What is expected: As output, give the exact lines from the one containing "В игорной зоне" through the end of the listing below, both included, without the pictures.

Data segment:
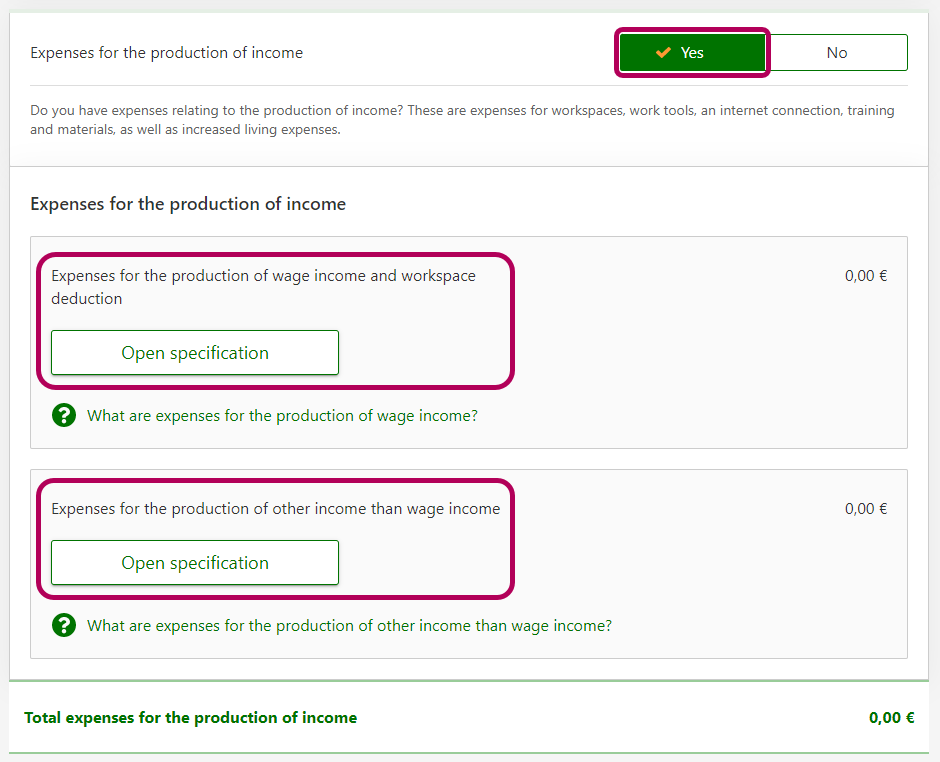 Please note that only the expenses for the production of wage income are automatically included in your pre-completed tax return. You will have to report the expenses for the production of other income again when you receive the pre-completed tax return.
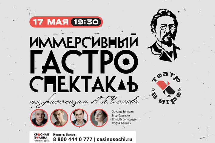 В игорной зоне «Красная Поляна» 17 мая на сцене театра «В игре» пройдет премьера иммерсивного гастроспектакля «Театральный бардак», основанного на произведениях А. П. Чехова. Здесь зрители станут частью постановки, взаимодействуя с актерами.
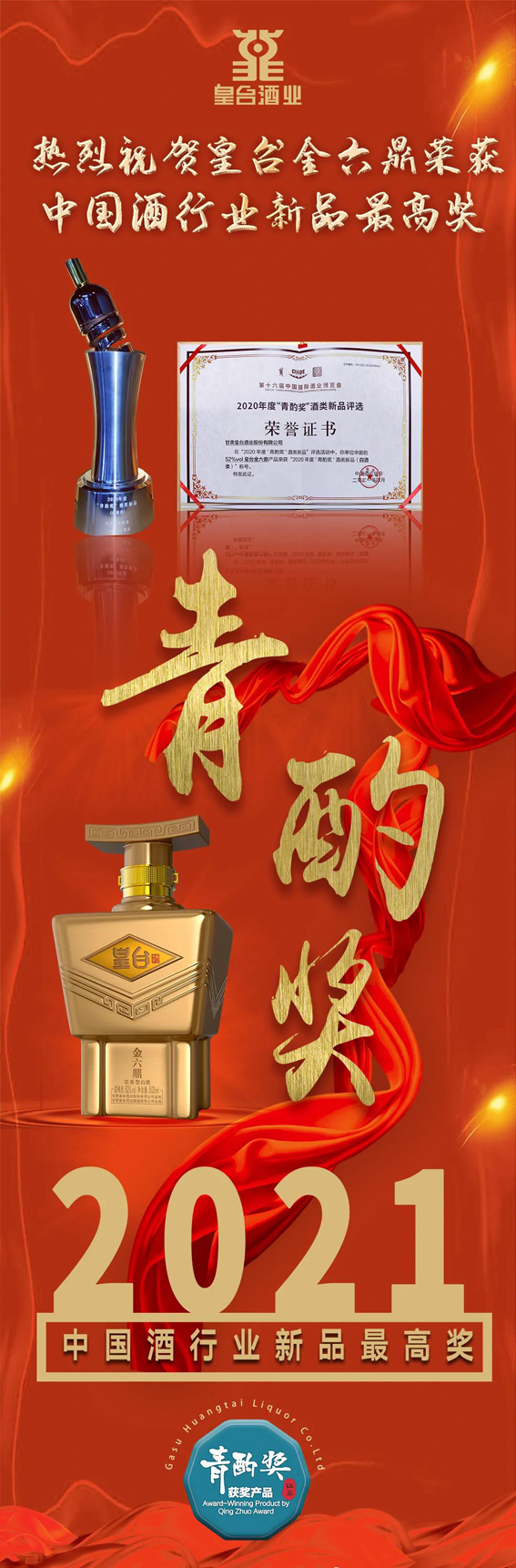 2021年4月,皇台金六鼎斩获2020年度中国酒业行业最高奖——“青酌奖”。这是继2019年6月皇台窖底原浆18斩获“青酌奖”之后,皇台酒再度获得的至高荣誉。皇台酒业成为甘肃省内唯一连续两届获得“青酌奖”殊荣的酒企”。
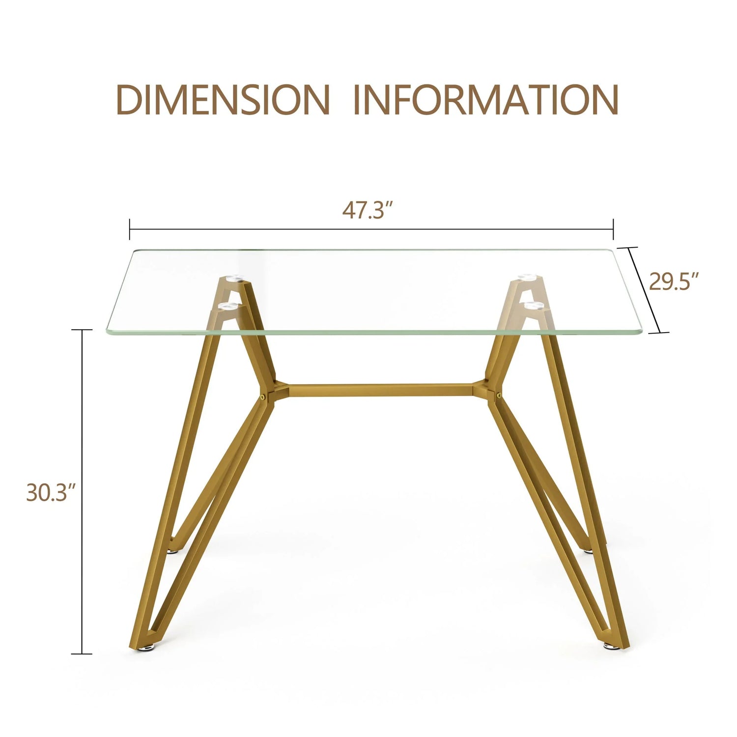 Modern Rectangular Glass Dining Table With Sturdy Metal Legs For Dining Room, Living Room, And Office - Gold

Result of this exercise:
 В игорной зоне «Красная Поляна» 17 мая на сцене театра «В игре» пройдет премьера иммерсивного гастроспектакля «Театральный бардак», основанного на произведениях А. П. Чехова. Здесь зрители станут частью постановки, взаимодействуя с актерами.
 2021年4月,皇台金六鼎斩获2020年度中国酒业行业最高奖——“青酌奖”。这是继2019年6月皇台窖底原浆18斩获“青酌奖”之后,皇台酒再度获得的至高荣誉。皇台酒业成为甘肃省内唯一连续两届获得“青酌奖”殊荣的酒企”。
 Modern Rectangular Glass Dining Table With Sturdy Metal Legs For Dining Room, Living Room, And Office - Gold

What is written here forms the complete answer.